Return of SFs is routinely conducted in the clinical setting and is expected to continue to increase with the rapid growth of next-generation sequencing technology (Shahmirzadi et al., 2014). A survey of genetic counselors reported that many genetic professionals are returning SFs, and this added responsibility has increased challenges to already complex and time-consuming counseling sessions (Smith, Douglas, Braxton, & Kramer, 2015). Another study interviewed genetics specialists' perspectives about disclosure of SFs and found that 62% of participants stated they had personally disclosed and/or discussed SFs to patients (Downing, Williams, Daack-Hirsch, Driessnack, & Simon, 2013). Some of the concerns identified during the return of SFs included inconsistent definitions of SFs, when to inform patients, how to minimize psychological harm, and the need for flexible disclosure guidelines.
As the volume of data that are generated from sequencing increases, the numbers of SFs will likely correspond (Roche & Berg, 2015). Pretest counseling is critical to prepare patients to understand the implications and limitations of testing for the return of SFs (Bernhardt et al., 2015).

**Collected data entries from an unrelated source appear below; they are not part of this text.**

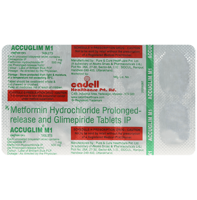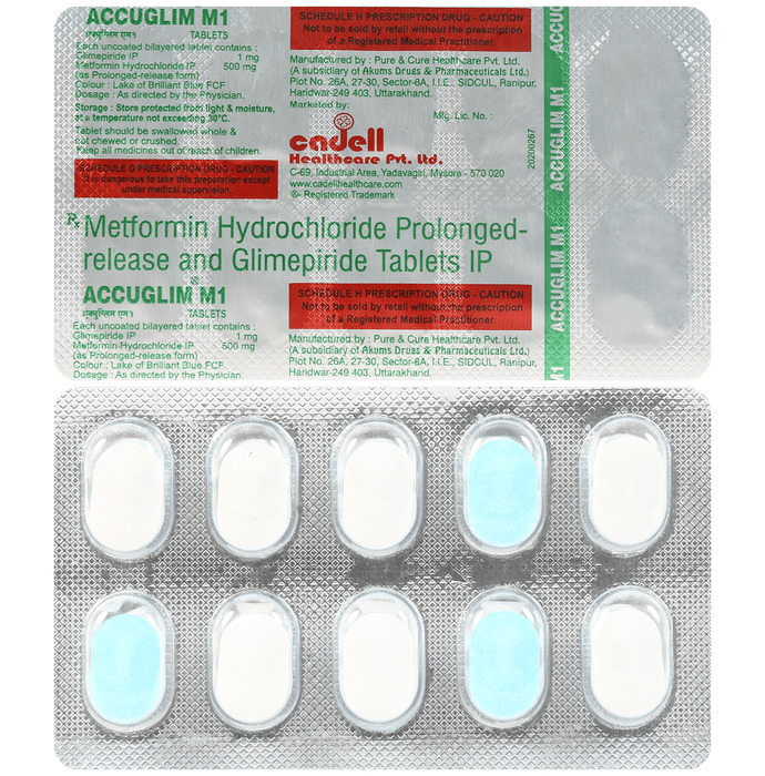 In Treatment of Type 2 diabetes mellitus Accuglim M 1mg/500mg Tablet is a combination medicine that increases the amount of insulin your body produces (in the pancreas). The insulin then works to lower your blood glucose level. It is usually taken once a day. You should keep taking it for as long as it is prescribed.u003cbr>Lowering blood glucose levels is an essential part of managing diabetes. If you can control the level you will reduce the risk of getting any of the serious complications of diabetes such as kidney damage, eye damage, nerve problems, and loss of limbs. Taking this medicine regularly along with proper diet and exercise will help you live a normal, healthy life.
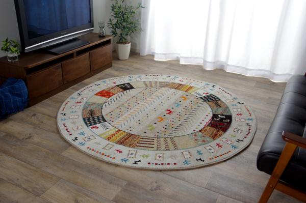 イケヒコ トルコ製 ウィルトン織カーペット ギャッペ調ラグ アイボリー 約160cm円形
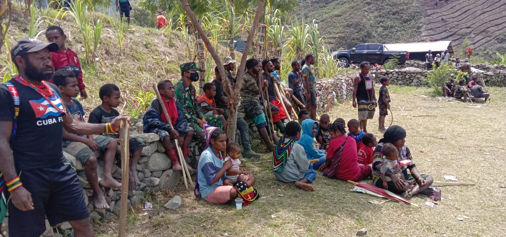 KeizalinNews.com Mulia — Babinsa Koramil 1714-01/Mulia An. Sertu Mustofa,Sertu Arif, Serda Roni dan Serda Mahuse. Melaksanakan kegiatan komsos di kampung Muara Distrik Muara, Komsos yang dilakukan dengan mendatangi warga masyarakat dan Bincang-bincang dengan warga di Honay-honay sekitar kampung Muara dan diselingi dengan memberikan makanan ringan dan gula gula. 29 Nopember 2021.
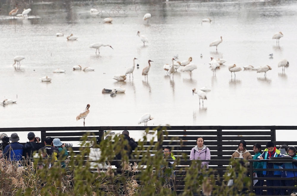 在鄱阳湖畔的江西省南昌市白鹤小镇,游客与学生们近距离观察野生白鹤(2024年12月17日摄)。
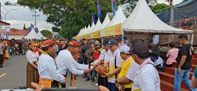 Ruteng – Para peserta Tour de EnTeTe yang diwakili oleh para pejabat kantor Gubernur NTT diterima secara adat Manggarai di Ruteng.

Further, several publications examined the importance of including patients in the decision of what SFs to receive (Christenhusz, Devriendt, Peeters, Van Esch, & Dierickx, 2014; Smith et al., 2015; Yu, Harrell, Jamal, Tabor, & Bamshad, 2014). While the literature provides support from both healthcare providers and patients for return of SFs, other research has identified potential problems with relying on pretest counseling or informed consent as a stand-alone indication for the return of SFs. Roche and Berg (2015) suggest that ‘even when participants express an intention to learn secondary findings, these initial predictions may not reflect an unequivocal desire for them’. This notion is supported by results from Christenhusz et al. (2014), which state, ‘patients and their families admitted they could not anticipate their own preferences about whether or not to receive results until they were returned’.

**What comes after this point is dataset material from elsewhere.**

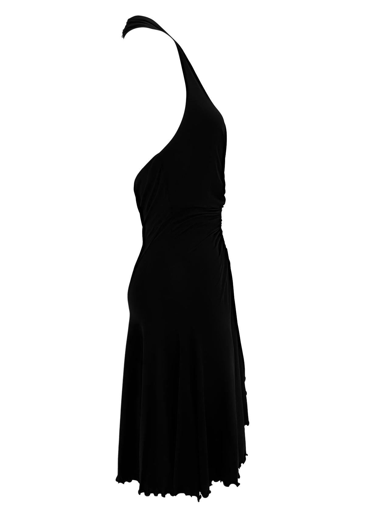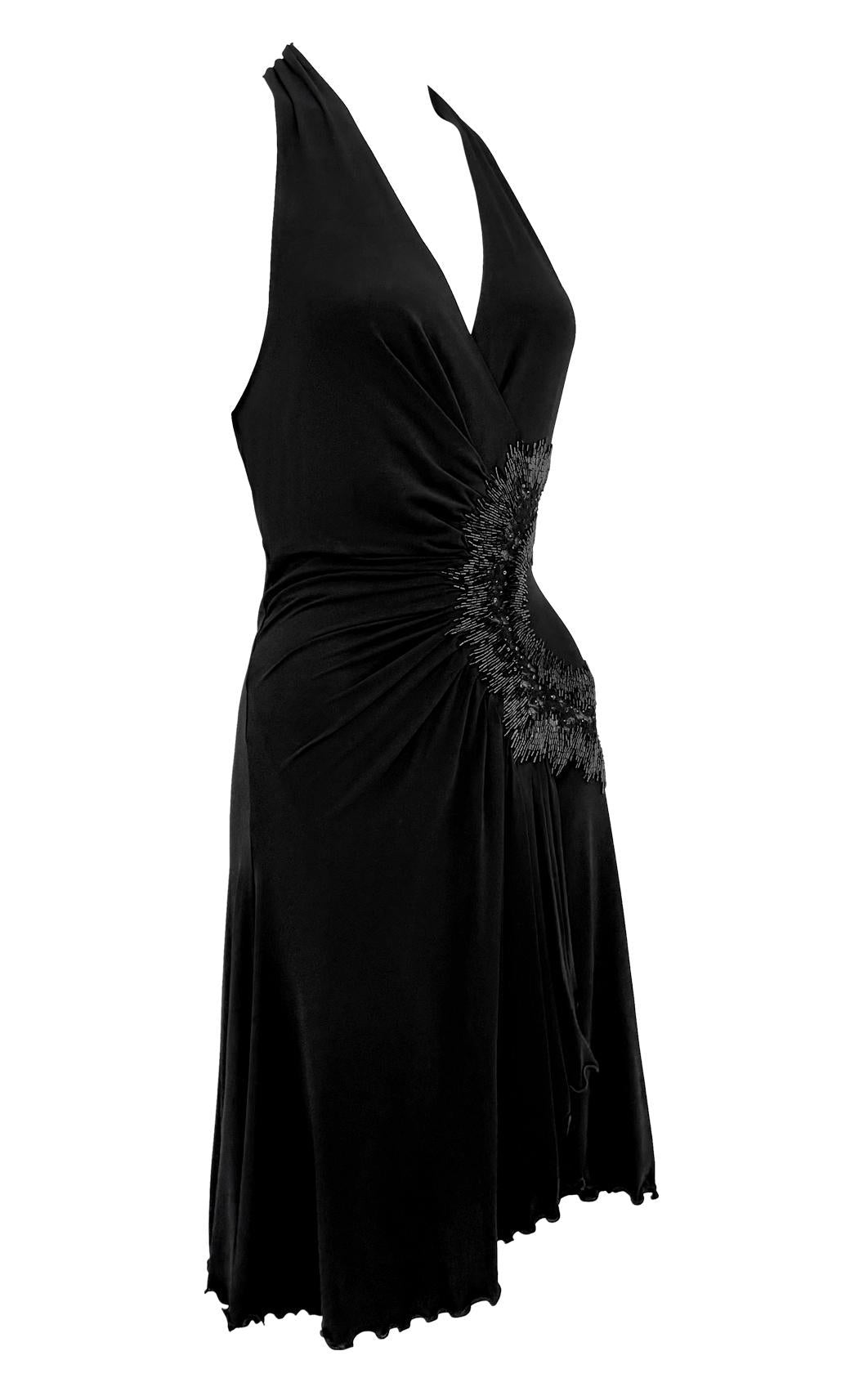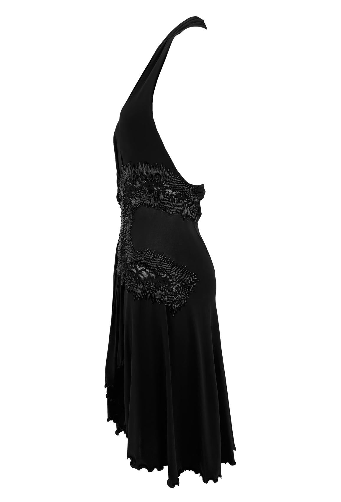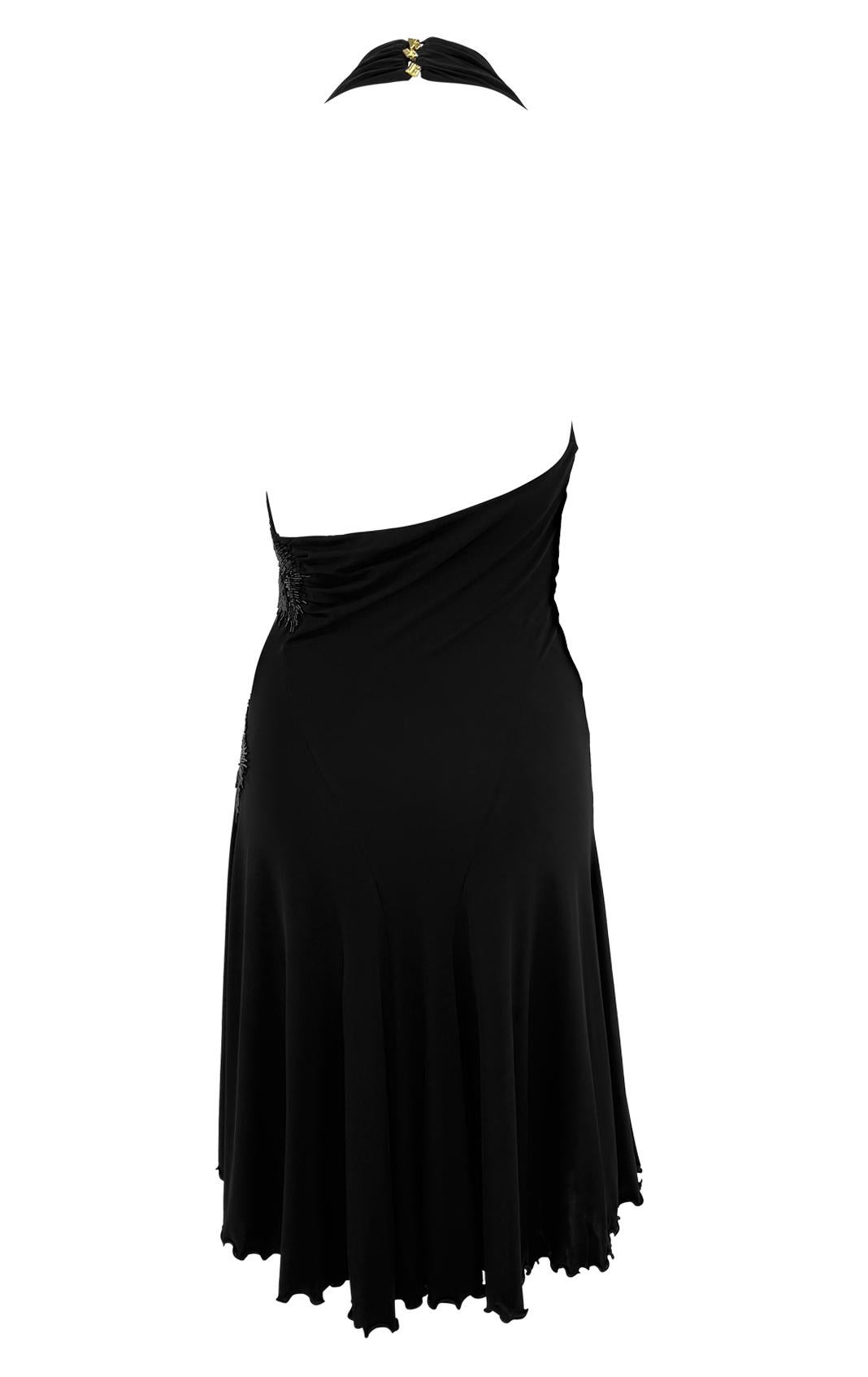 2006 Roberto Cavalli Semi Sheer Black Rhinestone Beaded Flare Halter Mini Dress

Some have argued that there are ethical considerations for both returning and not returning results (Christenhusz, Devriendt, Van Esch, & Dierickx, 2015). Risks of psychological harm to patients may come from overemphasizing the possibility of SF discovery or by disclosing SFs in an insensitive or inappropriate way (Kohane, Masys, & Altman, 2006; Veenstra, Roth, Garrison, Ramsey, & Burke, 2010). This concern of causing psychological harm and duty to protect their patients from the return of SFs was also further supported in interviews with genetic professionals (Downing et al., 2013; Townsend et al., 2012). Common practices and lessons learned from experiences in returning SF results could guide best practices as clinical sequencing continues to gain widespread use (Bernhardt, Kellom, Barbarese, Faucett, & Wapner, 2014).

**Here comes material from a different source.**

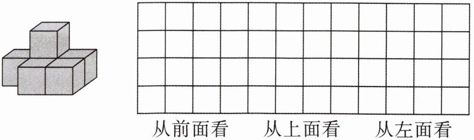 下面是由几个大小相同的小正方体摆成的物体,请你画出从前面、上面和左面看到的图形。
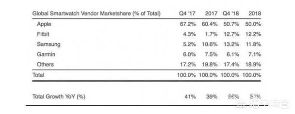 数据显示,苹果、三星、Fitbit和佳明是智能手表厂商的四大巨头,其总计出货量占全球智能手表总出货的80%。2018年四季度,苹果全球智能手表出货量为920万块,比2017年四季度的780万块增长了18%。

Identifying how best to practically return SFs to patients within a session is not well documented. Few studies have sought to explore the experiences and strategies of individuals involved in the return of SFs from clinical sequencing. Of those, these studies were either prospective or hypothetical and focused more on attitudes of researchers, healthcare providers, and patients toward the disclosure of SFs (Appelbaum et al., 2014; Ayuso, Millan, Mancheno, & Dal-Re, 2013; Bernhardt et al., 2014; Tabor et al., 2012). As advancements in technology increase the frequency of genome and exome sequencing, studies that describe the actual experiences and content of the discussion of the return of SFs are needed. This study described and categorized the experiences of genetic counselors in the return of SFs from clinical sequencing.
2 MATERIALS AND METHODS
2.1 Study design and participants
Institutional Review Board (IRB) approval was obtained from both the hospital and the academic center institutional review boards prior to beginning any research activity. The study was designed to investigate how genetics counselors return SFs to patients in the clinical setting. A semi-structured interview and qualitative descriptive approach was deliberately chosen as the best methodology to capture the experiences, thoughts, and lessons learned of genetic counselors. Paired with qualitative content analysis, qualitative description provides pragmatic yet meaningful answers to research questions by focusing on the facts presented and the use of participants' own words, without requiring reliance on preexisting frameworks and theories (McIntosh & Morse, 2015; Sandelowski, 2000). This approach to qualitative descriptive research has been well supported in the literature and accurately captures self-reported participant experiences by using data and codes that closely reflect the actual statements of the participants (Rothwell et al., 2017).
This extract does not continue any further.